[The data]
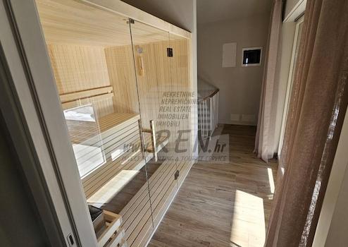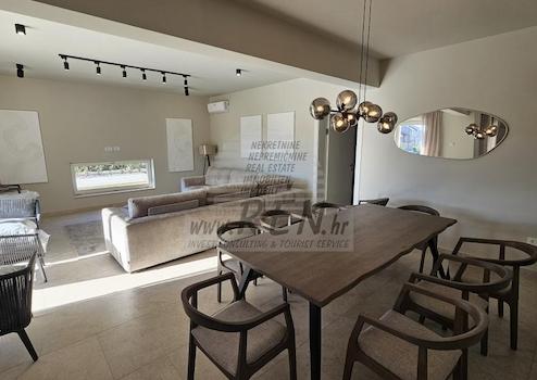 Zum Verkauf steht eine moderne Doppelhaushälfte mit Swimmingpool, gelegen in einer ruhigen Umgebung nahe Novigrad. Die Villa verbindet modernes Design, hohen Wohnkomfort und mediterrane Atmosphäre. Hochwertige Materialien und klare architektonische Linien verleihen der Immobilie eine elegante Ausstrahlung, mit einem herrlichen Meerblick von den oberen Etagen.
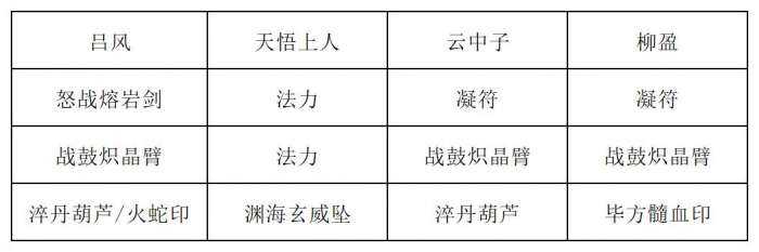 第一回合:云中子打出百转叠浪诀、三清化水符和玄冰化刃符,吕风復淛玄冰化刃符并打出,然后打出柳盈的玄冰神破、玄冰九变和化刃符,击杀白剑。
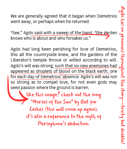 That said, I love to read a “behind the scenes” treatment of fiction, especially when it errs on the side of silly. Mostly I think a work speaks for itself, and its creator doesn’t need to explicate why that perspective was chosen or this setting was utilized. But what song would be playing over the credits if your book became a movie? Which of your undergrad professors that tavern-keeper was inspired by? Tell me!!
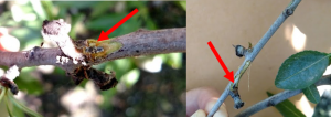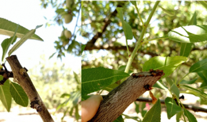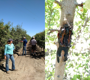 Dr. Florent Trouillas, one of our plant pathology specialists located at Kearney Ag Center, introduced us to a research project he is beginning to evaluate fungicides that may help prevent infection of pruning wounds by various canker-causing fungi such as Ceratocystis or Botryosphaeria. His study involved making smaller pruning cuts on a tree, treating with a fungicide, followed by inoculation of the pruning wound with fungal spores. Later this summer, he will examine each of the pruning cuts for signs of infection and attempt to re-isolate the pathogen. As seen in the above photos, some of the pruning wounds are beginning to show signs of gumming & disease.
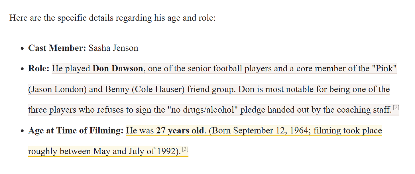 On Dazed and Confused, did you supply a definition of "cast" as the top x named characters? A birthdate in the 1960s didn't sound right to me, as I vaguely remembered some scenes with teachers in them. Wouldn't there have been some teachers who were older?
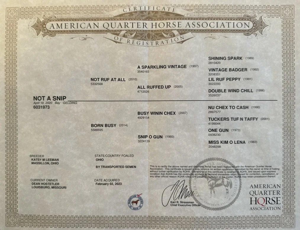 Not A Snip is a burley 2020 AQHA Bay Gelding by the Famous Reining Sire NOT RUF AT ALL who won the triple crown of reining. He’s 15 hands tall, super quiet, and has done everything we asked him to do. “Tyson" would be great at Versatility Ranch Horse, Ranch Riding, Roping (Head Horse), Trail Riding, or a Ranch Horse. He’s been ridden and enjoyed for the past year by a 73 year old man and his wife. He is a perfect gentleman to clip, shoe, haul, bath and absolutely whatever you ask him to do. He spent last winter in Arizona roping with the husband and trail riding in the desert with the wife. He stands in the box quiet and rates excellent as a head horse. He’s been brave on all obstacle challenges he has been introduced to.
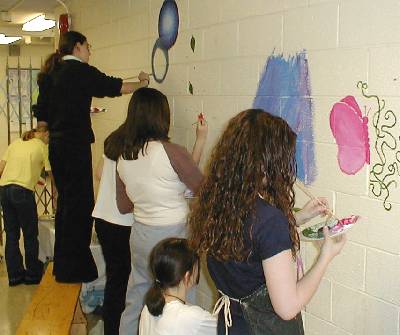 L'atelier planifie et exécute une peinture monumentale de collaboration (peinture murale) pendant trois jours. L'échelle d'une peinture murale favorise une grande liberté d'expression et d'accomplissement artistique dans le cadre de la coopération et de compromis.
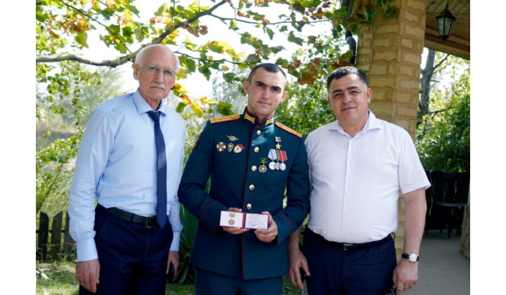 Нагрудной знак и удостоверние вручил военнослужащему глава Магарамкентского Фарид Ахмедов вместе с заместителем Председателя Правительства РД Рамазаном Джафаровым.
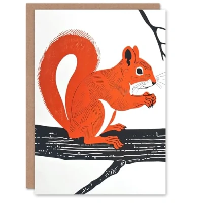Artery8 Greeting Card Cute Red Squirrel on Tree Branch Bright Design Blank For Him Or Her Art Birthday
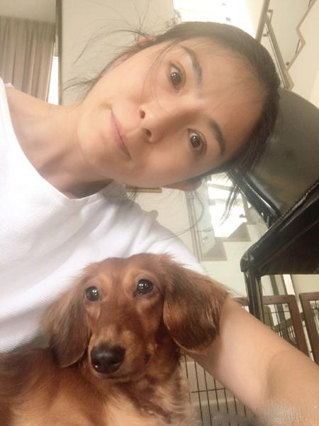 褪去了昔日的清纯,如今的杨采妮熬成了为经济奔波的家庭妇女,无聊时就在家遛狗。
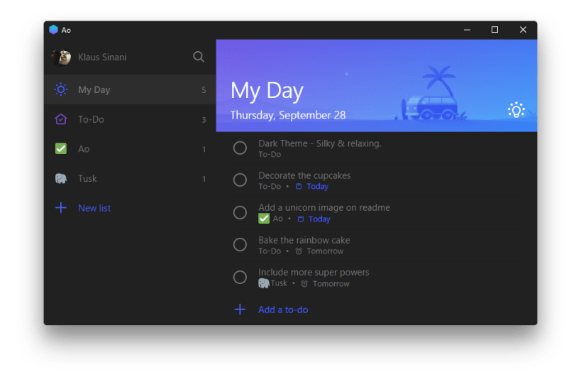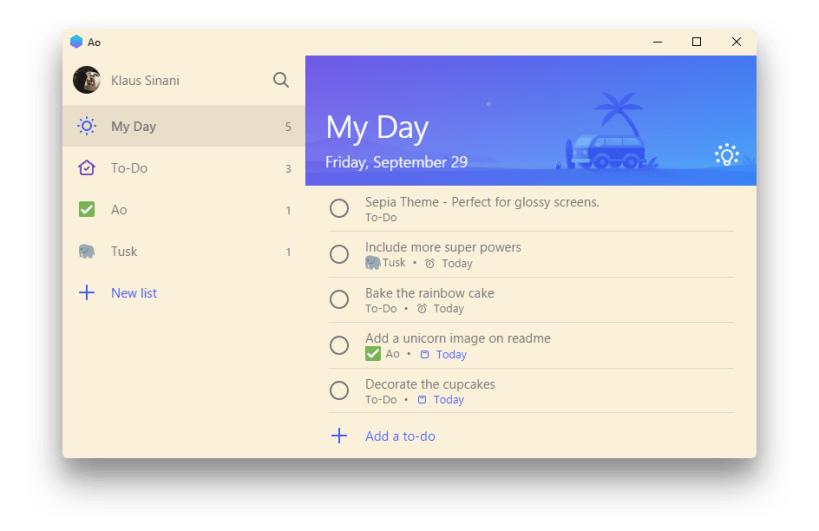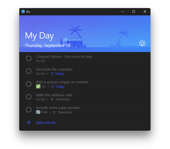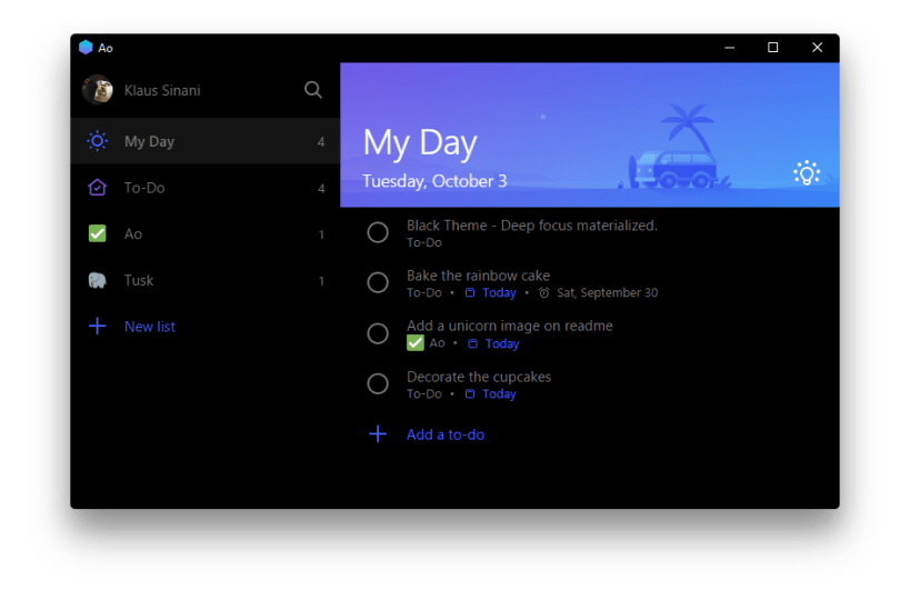 Ao is an unofficial, featureful, open source, community-driven, free Microsoft To-Do app that is used by people in more than 120 countries.

[Exercise description]
Leaving out the pictures, repeat all the entries exactly as they stand.

[Exercise response]
 Zum Verkauf steht eine moderne Doppelhaushälfte mit Swimmingpool, gelegen in einer ruhigen Umgebung nahe Novigrad. Die Villa verbindet modernes Design, hohen Wohnkomfort und mediterrane Atmosphäre. Hochwertige Materialien und klare architektonische Linien verleihen der Immobilie eine elegante Ausstrahlung, mit einem herrlichen Meerblick von den oberen Etagen.
 第一回合:云中子打出百转叠浪诀、三清化水符和玄冰化刃符,吕风復淛玄冰化刃符并打出,然后打出柳盈的玄冰神破、玄冰九变和化刃符,击杀白剑。
 That said, I love to read a “behind the scenes” treatment of fiction, especially when it errs on the side of silly. Mostly I think a work speaks for itself, and its creator doesn’t need to explicate why that perspective was chosen or this setting was utilized. But what song would be playing over the credits if your book became a movie? Which of your undergrad professors that tavern-keeper was inspired by? Tell me!!
 Dr. Florent Trouillas, one of our plant pathology specialists located at Kearney Ag Center, introduced us to a research project he is beginning to evaluate fungicides that may help prevent infection of pruning wounds by various canker-causing fungi such as Ceratocystis or Botryosphaeria. His study involved making smaller pruning cuts on a tree, treating with a fungicide, followed by inoculation of the pruning wound with fungal spores. Later this summer, he will examine each of the pruning cuts for signs of infection and attempt to re-isolate the pathogen. As seen in the above photos, some of the pruning wounds are beginning to show signs of gumming & disease.
 On Dazed and Confused, did you supply a definition of "cast" as the top x named characters? A birthdate in the 1960s didn't sound right to me, as I vaguely remembered some scenes with teachers in them. Wouldn't there have been some teachers who were older?
 Not A Snip is a burley 2020 AQHA Bay Gelding by the Famous Reining Sire NOT RUF AT ALL who won the triple crown of reining. He’s 15 hands tall, super quiet, and has done everything we asked him to do. “Tyson" would be great at Versatility Ranch Horse, Ranch Riding, Roping (Head Horse), Trail Riding, or a Ranch Horse. He’s been ridden and enjoyed for the past year by a 73 year old man and his wife. He is a perfect gentleman to clip, shoe, haul, bath and absolutely whatever you ask him to do. He spent last winter in Arizona roping with the husband and trail riding in the desert with the wife. He stands in the box quiet and rates excellent as a head horse. He’s been brave on all obstacle challenges he has been introduced to.
 L'atelier planifie et exécute une peinture monumentale de collaboration (peinture murale) pendant trois jours. L'échelle d'une peinture murale favorise une grande liberté d'expression et d'accomplissement artistique dans le cadre de la coopération et de compromis.
 Нагрудной знак и удостоверние вручил военнослужащему глава Магарамкентского Фарид Ахмедов вместе с заместителем Председателя Правительства РД Рамазаном Джафаровым.
Artery8 Greeting Card Cute Red Squirrel on Tree Branch Bright Design Blank For Him Or Her Art Birthday
 褪去了昔日的清纯,如今的杨采妮熬成了为经济奔波的家庭妇女,无聊时就在家遛狗。
 Ao is an unofficial, featureful, open source, community-driven, free Microsoft To-Do app that is used by people in more than 120 countries.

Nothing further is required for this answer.